▶ DATASET CONTENT
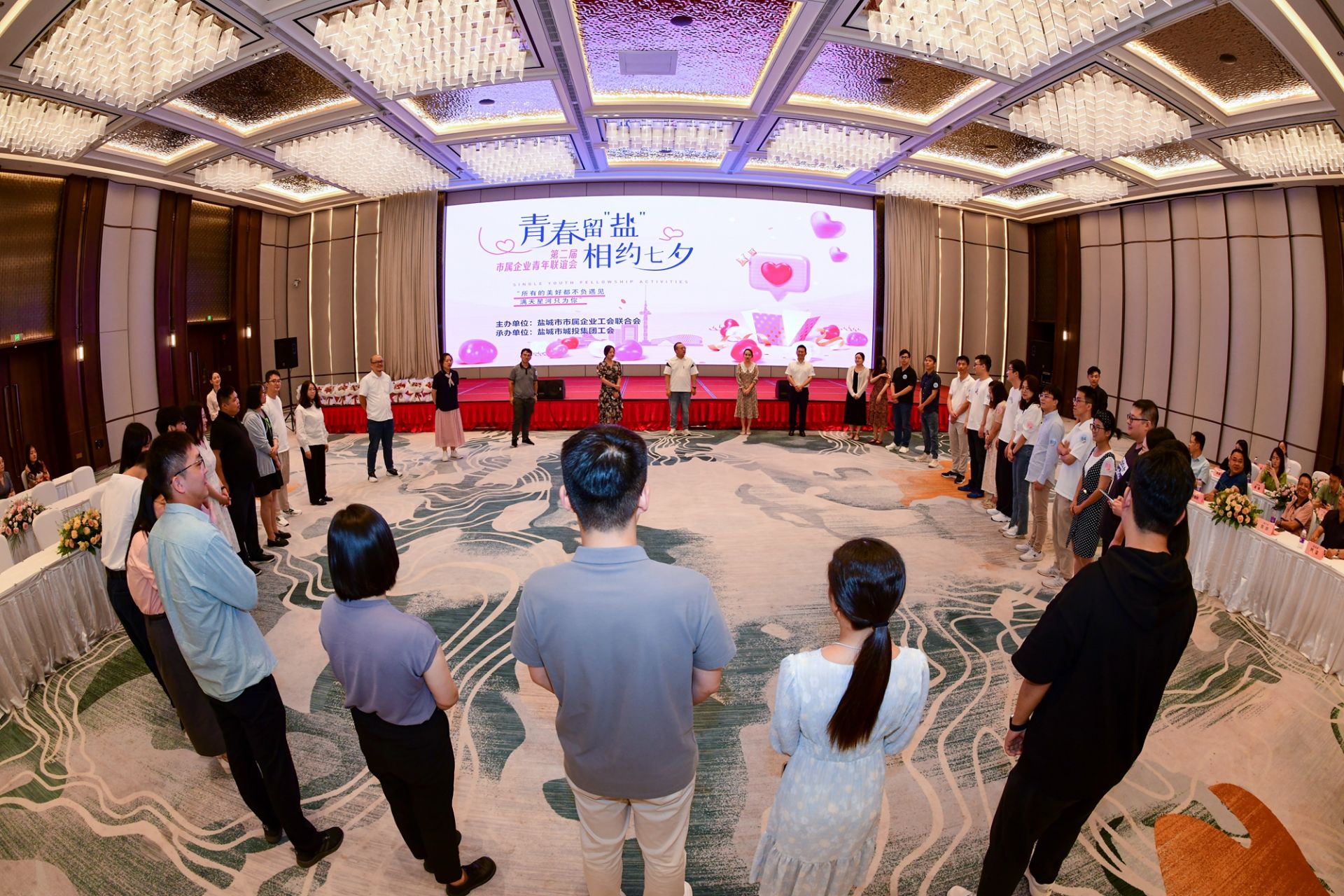 8月22日下午,第二届青年交友联谊会在盐城大洋湾希尔顿逸林酒店成功举办。活动现场,气球、鲜花,浪漫又温馨的布置,营造出了浓厚欢快氛围。在座青年逐渐敞开心扉、绽放激情,在游戏互动中增加默契、加深了解,现场热闹非凡。欢乐有趣的互动小游戏、甜蜜温馨的交流时光,让在场嘉宾在轻松、浪漫的氛围中结交异性,增进友谊。盐阜大众报报业集团记者 杨毅 摄
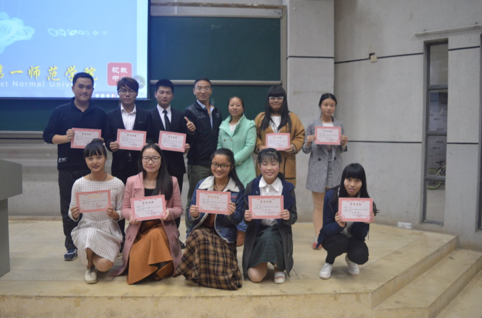 演讲全部完毕后由石慧老师对本次比赛进行讲评,她高度肯定了比赛的组织工作以及选手们的出色表现,她表示作为一名老师参加这次比赛,深切地感受到了同学们对老师的深情厚谊。最后15科教693班吕雨比赛一等奖,13小教2班周浩、14级665科教班何萌、15科教695班邓晶晶等获得二等奖,14小教文3班张雨桑、14心理1班文承来、14小教文3班杨赟、14小教文3班王媛、13小教6班张雪和15小教理1班杨莹剑等获得三等奖。
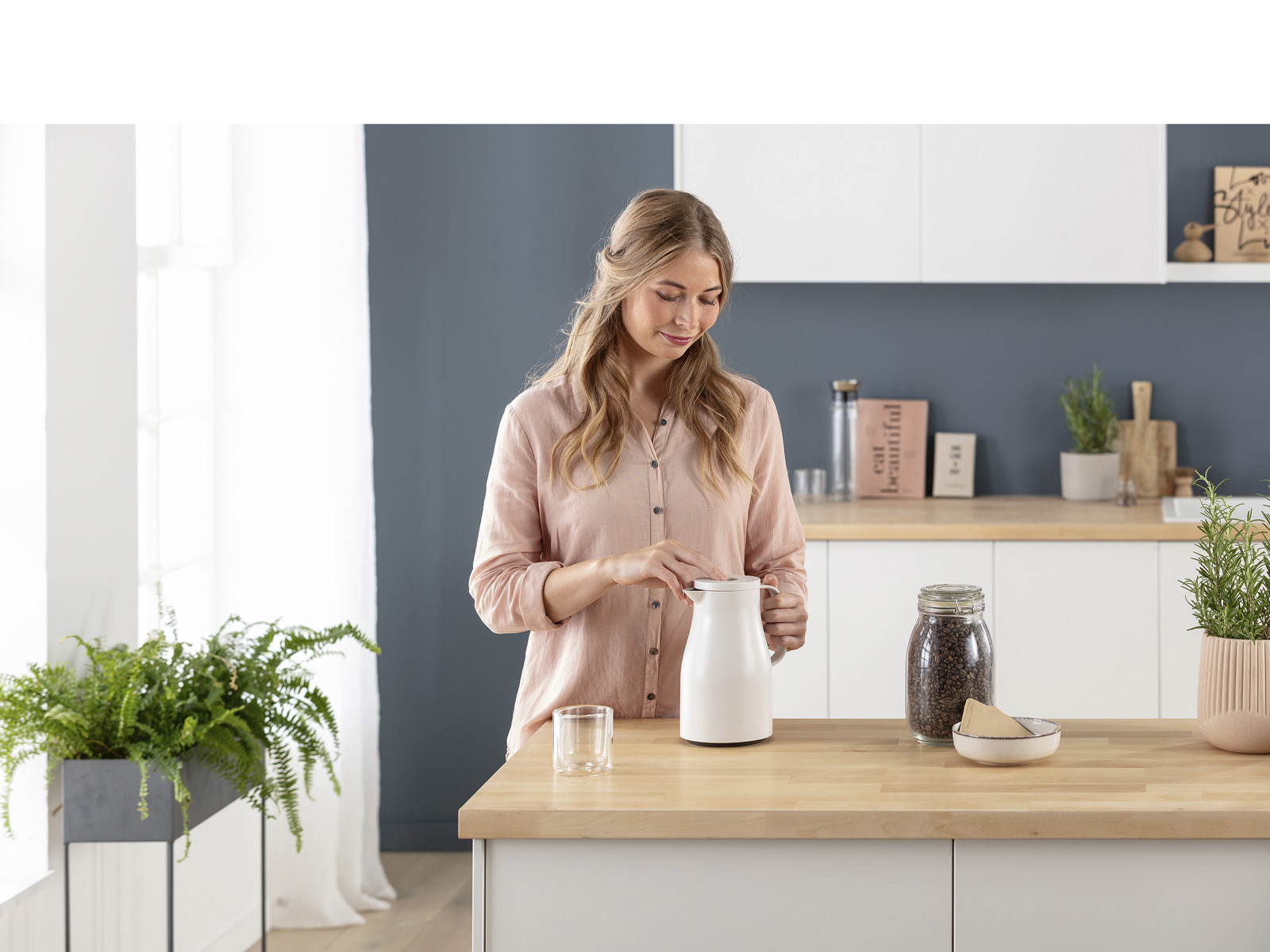 Alfi Econscious kombinerer funktionalitet med elegant design. Med en kapacitet på 1 liter holder termokanden dine drikkevarer varme i op til 12 timer og kolde i op til 24 timer. Termokanden er udstyret med en indsats af hærdet glas, et lækagesikkert skruelåg og et ergonomisk håndtag, hvilket gør den let at bruge. Den er fremstillet af 94 % bioplast, lavet af biopolymerer, som stammer fra rester af sukkerrørspresning. Det er resterne fra trin 3-5 i processen, hvor materialet, der ikke kan anvendes til fødevarer, omdannes til bioplast. Designet af PEARL CREATIVE.
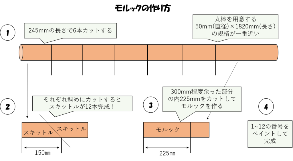 また購入できないくらいでモルックをやりたいという気持ちを諦めないでほしいという意味も込めて自作する道も示してます。

▶ ASSIGNED TASK
Write out, with no pictures, only the lines from the line containing "Alfi Econscious kombinerer" through the last line of the listing above, exactly and with both ends included.

▶ SOLUTION TO THIS EXERCISE
 Alfi Econscious kombinerer funktionalitet med elegant design. Med en kapacitet på 1 liter holder termokanden dine drikkevarer varme i op til 12 timer og kolde i op til 24 timer. Termokanden er udstyret med en indsats af hærdet glas, et lækagesikkert skruelåg og et ergonomisk håndtag, hvilket gør den let at bruge. Den er fremstillet af 94 % bioplast, lavet af biopolymerer, som stammer fra rester af sukkerrørspresning. Det er resterne fra trin 3-5 i processen, hvor materialet, der ikke kan anvendes til fødevarer, omdannes til bioplast. Designet af PEARL CREATIVE.
 また購入できないくらいでモルックをやりたいという気持ちを諦めないでほしいという意味も込めて自作する道も示してます。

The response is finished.